History

United Kingdom
- Name: Roslin Castle
- Namesake: Roslin Castle
- Builder: Bristol
- Launched: 1819

General characteristics
- Tons burthen: 450 (bm)
- Length: 116 ft (35 m)
- Beam: 29 ft 5 in (8.97 m)
- Propulsion: Sail

= Roslin Castle (1819 ship) =

Roslin Castle (also called Roslyn Castle) was a barque of 450 tons built in 1819 at Bristol. She was a merchant ship that also made five voyages transporting convicts to Australia. Described as a single decker, her hull was sheathed in copper in 1823 and was sheathed in patent felt and copper over-boards in 1828. She later served as a whaling vessel out of Sydney, Australia.

==Career==
In early 1828, she traded in Jamaican waters.

First convict voyage (1828): Captain John Duff sailed Roslin Castle from The Downs on 19 August 1828 and arrived at Hobart Town on 16 December. She had embarked 176 male convicts; two convicts died during the voyage.

Second convict voyage (1830): Captain Henry Ferguson sailed from The Downs on 3 March 1830. She lost her main mast and mizzen top mast in a sudden squall off St. Paul's on 3 June. The ship became leaky and the confines were constantly wet. She arrived at Port Jackson on 29 June. She had embarked 128 female convicts, none of whom died on the voyage.

Third convict voyage (1832–1833): Captain William Richards sailed from Cork, Ireland, on 8 October 1832 and arrived at Port Jackson on 16 December. She had embarked 195 male convicts; one convict died during the voyage. The surgeon-superintendent on this voyage was George Imlay.

Fourth convict voyage (1834): Captain Richards left London on 22 May 1834 and arrived at Port Jackson on 15 September. Roslin Castle had embarked 232 male convicts. Three convicts died during the voyage.

Fifth convict voyage (1835–1836): Captain Richards left Cork on 28 October 1835. She arrived at Port Jackson on 25 February 1836. Roslin Castle had embarked 165 female convicts. Three convicts died during the voyage.

In March 1836, it was announced in the press the vessel was to be fitted out for a whaling voyage to Cloudy Bay, New Zealand, under charter to Messrs Long & Co.

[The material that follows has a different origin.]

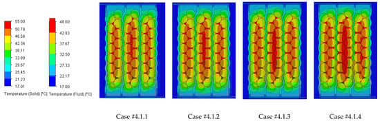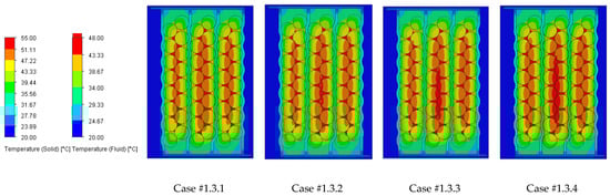 It is also noticed that even though not in all cases, in most of them (9 out of 12 rows), Case #2 offers the smallest temperature gradient and internal resistance difference between the cells. The average difference for every testing combination is 5.96% for Case #1, 5.23% for Case #2, 5.48% for Case #3 and 5.38% for Case #4, respectively. For this criterion, the differences between cases are much smaller, but one should notice that removing a greater quantity of heat does not automatically mean also good thermal uniformity (see changes in order between Case #2 and #4), which highlights the importance of a good balance between these requirements and of a complete thermal analysis when evaluating BTMSs. Despite the single-inlet configuration and, therefore, longer continuous channel, this ensures the same flow rate in all conditions, while flow rate uniformity is difficult to achieve in the various branches of the multi-inlet configurations.

A whaling voyage (1836–1837): Roslyn Castle departed Sydney 29 April 1836 under the command of Captain William Richards for New Zealand. She first went to Akaroa and by 15 June was reported at Cloudy Bay with "1 fish." Then it was to the Chatham Islands before going to Kapiti where they arrived on 13 July. The vessel was reported off the Three Kings, at the Bay of Islands, at Banks Peninsula and elsewhere off the coast of New Zealand. She returned to Sydney 7 November 1837 with a reported 3,500 barrels of oil aboard, of which 500 was sperm whale oil, plus 12 tons of “whale bone” (baleen). This was declared by The Sydney Gazette to be, "the largest cargo we believe ever brought into this port from our whale fishery.”.

On 2 August 1838, the vessel was purchased in Sydney for £2,200 by Robert Duke & Co. At first it was planned to send her whaling again. This was changed instead to a voyage to London. She departed Sydney 20 January 1839 for London, with a general cargo and a few passengers.